A really interesting report in today’s Financial Times:
Iran’s oil minister on Wednesday admitted that Tehran was having trouble financing oil projects, in a rare acknowledgment of the economic cost of its nuclear dispute. “Currently, overseas banks and financiers have decreased their co-operation,” Kazem Vaziri-Hamaneh told the oil ministry news agency, Shana.
The statement underlined the impact of de facto financial sanctions on the Organisation of the Petroleum Exporting Countries’ second biggest oil producer. As the controversy over Iran’s nuclear programme has escalated, the US has applied pressure on European banks and financial institutions to curb dealings with Tehran.
As the Security Council continues its several months-long project to water-down the proposed sanctions resolution, ‘de facto’ sanctions — the chilling effect of the diplomatic crisis on international finance — are taking their toll.

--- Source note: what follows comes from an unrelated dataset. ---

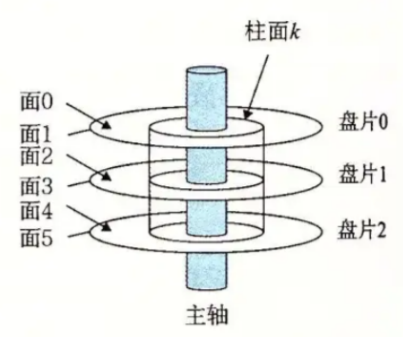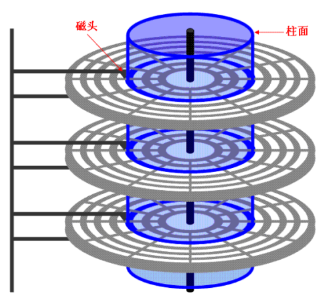 上面就显示了磁盘中的立体结构,在磁盘中一般是由多个盘面的,同时也就会有多个磁头,磁头和盘面是一对一的关系,一个面一个磁头。
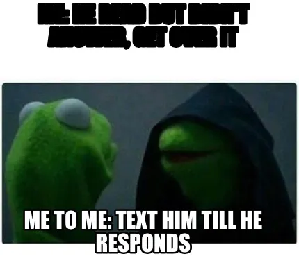 Create Funny me: he read but didn't answer, get over it me to me: text him till he responds Meme

This is especially worrisome for Iran in view of its woefully inadequate domestic refining capacity, which forces OPEC’s second largest exporter to import nearly half of its gasoline. Indeed, the government of Tehran is reportedly distributing gasoline ration-cards for next year.
It is an interesting irony that Iran has justified its nuclear program on the basis of “energy security” while the main effect of the program has been to dramatically increase its energy insecurity.